= Instructions for the task =
Pictures stay out of the answer, but every line of the material must be restated exactly.

= Data provided =

################

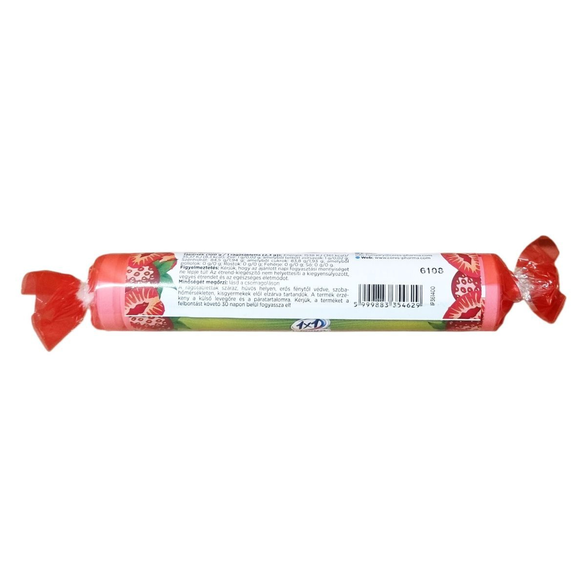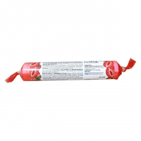 Eper ízű étrend-kiegészítő rágótabletta szőlőcukorral.
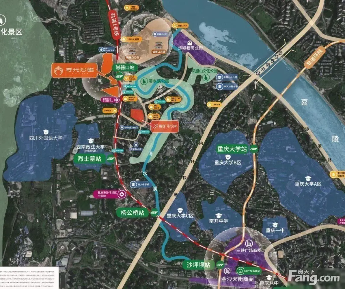项目卖点: 1、【沙区双轻轨】 沙区核芯区品质双轻轨住宅(1号/27号线100米) 2、【网红景区】 城市名片磁器口景区旁,限量珍藏,轻奢小高层; 3、【商圈】 轻轨两站三峡广场;六站大坪天街;享城市繁华 价值:大值得信赖 4、【——融创中国】 内地具实力的综合型发展商之一 连续4年稳居中国房企第四,重庆连续5年 5、公园配套: 四公园环伺,享受城市绿肺 歌乐山森林公园、清水溪公园、凤凰山文化公园和磁器口古镇
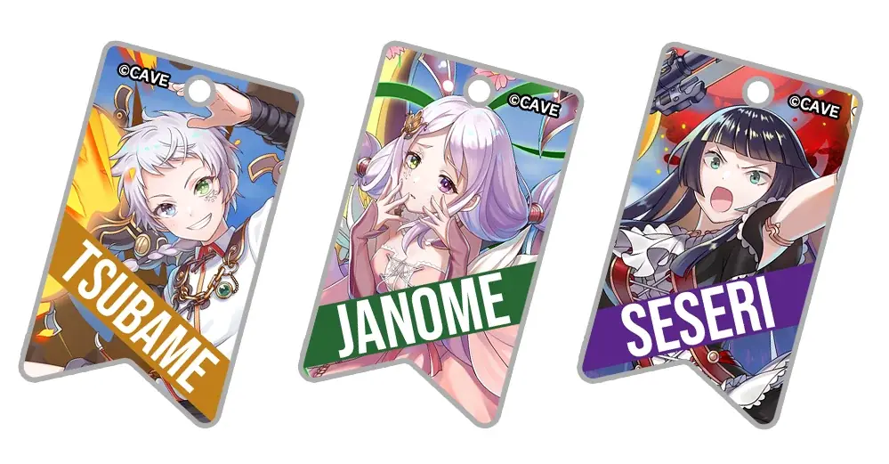| アクリルガーランドチャーム(3個セット) ② | 『エスプガルーダII』キャラクター:ツバメ・ジャノメ・セセリの3種が1セット | 約20mm×34mm以内(各チャーム) | 透明アクリル板(厚さ2mm) | 3,300円(税込) |
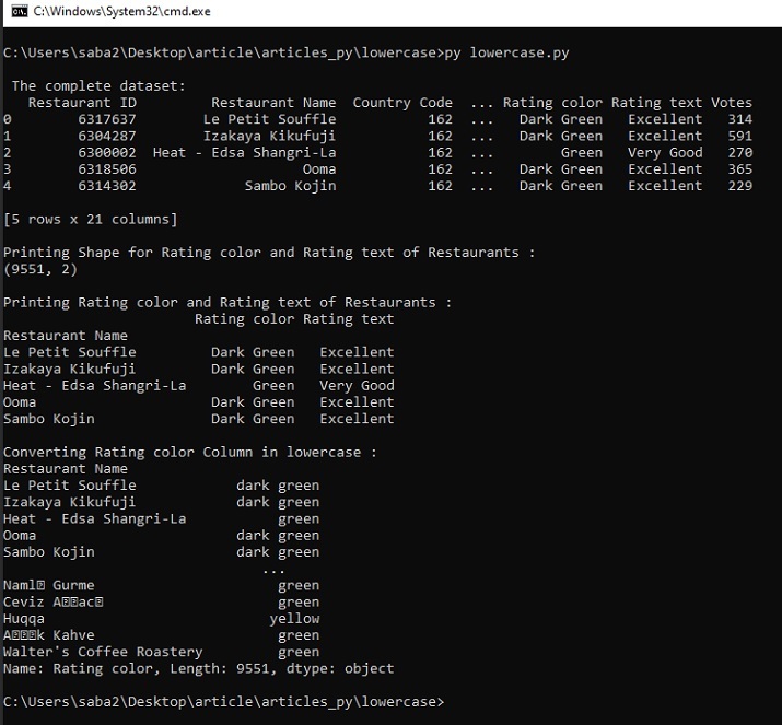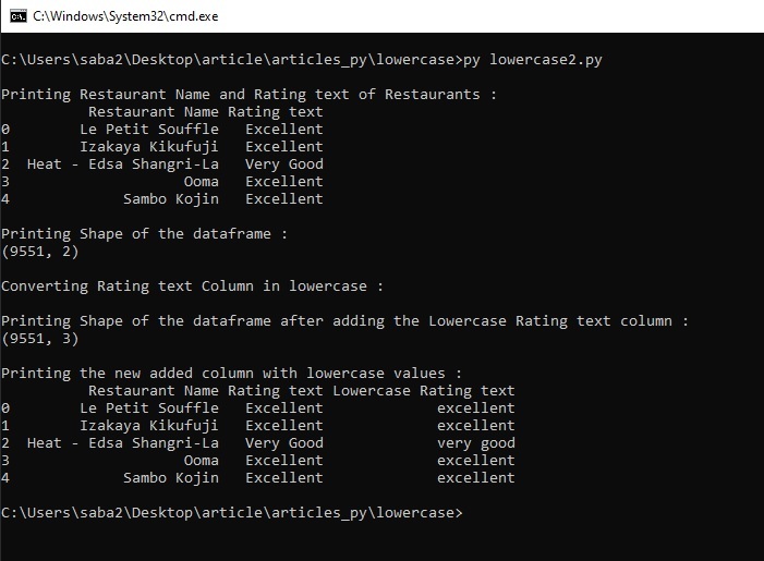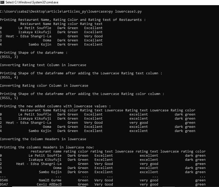import pandas as pdd dff2 = pdd.read_csv('C:/Users/saba2/Desktop/article/articles_py/tsv/zomato.csv', sep=',',usecols=['Restaurant Name', 'Rating color', 'Rating text']) print("\nPrinting Restaurant Name, Rating Color and Rating text of Restaurants : ") print(dff2.head()) print("\nPrinting Shape of the dataframe : ") print(dff2.shape) print("\nConverting Rating text Column in lowercase") dff2["Lowercase Rating text"]= dff2['Rating text'].apply(lambda x: x.lower()) print("\nPrinting Shape of the dataframe after adding the Lowercase Rating text column : ") print(dff2.shape) print("\nConverting Rating color Column in lowercase") dff2["Lowercase Rating color"]= dff2['Rating color'].apply(lambda x: x.lower()) print("\nPrinting Shape of the dataframe after adding the Lowercase Rating color column : ") print(dff2.shape) print("\nPrinting the new added columns with lowercase values : ") print(dff2.head()) print("\nConverting the Column Headers in lowercase") dff2.columns = map(str.lower, dff2.columns) print("\nPrinting the columns Headers in lowercase now: ") print(dff2)

################

= Response below =
 Eper ízű étrend-kiegészítő rágótabletta szőlőcukorral.
项目卖点: 1、【沙区双轻轨】 沙区核芯区品质双轻轨住宅(1号/27号线100米) 2、【网红景区】 城市名片磁器口景区旁,限量珍藏,轻奢小高层; 3、【商圈】 轻轨两站三峡广场;六站大坪天街;享城市繁华 价值:大值得信赖 4、【——融创中国】 内地具实力的综合型发展商之一 连续4年稳居中国房企第四,重庆连续5年 5、公园配套: 四公园环伺,享受城市绿肺 歌乐山森林公园、清水溪公园、凤凰山文化公园和磁器口古镇
| アクリルガーランドチャーム(3個セット) ② | 『エスプガルーダII』キャラクター:ツバメ・ジャノメ・セセリの3種が1セット | 約20mm×34mm以内(各チャーム) | 透明アクリル板(厚さ2mm) | 3,300円(税込) |
import pandas as pdd dff2 = pdd.read_csv('C:/Users/saba2/Desktop/article/articles_py/tsv/zomato.csv', sep=',',usecols=['Restaurant Name', 'Rating color', 'Rating text']) print("\nPrinting Restaurant Name, Rating Color and Rating text of Restaurants : ") print(dff2.head()) print("\nPrinting Shape of the dataframe : ") print(dff2.shape) print("\nConverting Rating text Column in lowercase") dff2["Lowercase Rating text"]= dff2['Rating text'].apply(lambda x: x.lower()) print("\nPrinting Shape of the dataframe after adding the Lowercase Rating text column : ") print(dff2.shape) print("\nConverting Rating color Column in lowercase") dff2["Lowercase Rating color"]= dff2['Rating color'].apply(lambda x: x.lower()) print("\nPrinting Shape of the dataframe after adding the Lowercase Rating color column : ") print(dff2.shape) print("\nPrinting the new added columns with lowercase values : ") print(dff2.head()) print("\nConverting the Column Headers in lowercase") dff2.columns = map(str.lower, dff2.columns) print("\nPrinting the columns Headers in lowercase now: ") print(dff2)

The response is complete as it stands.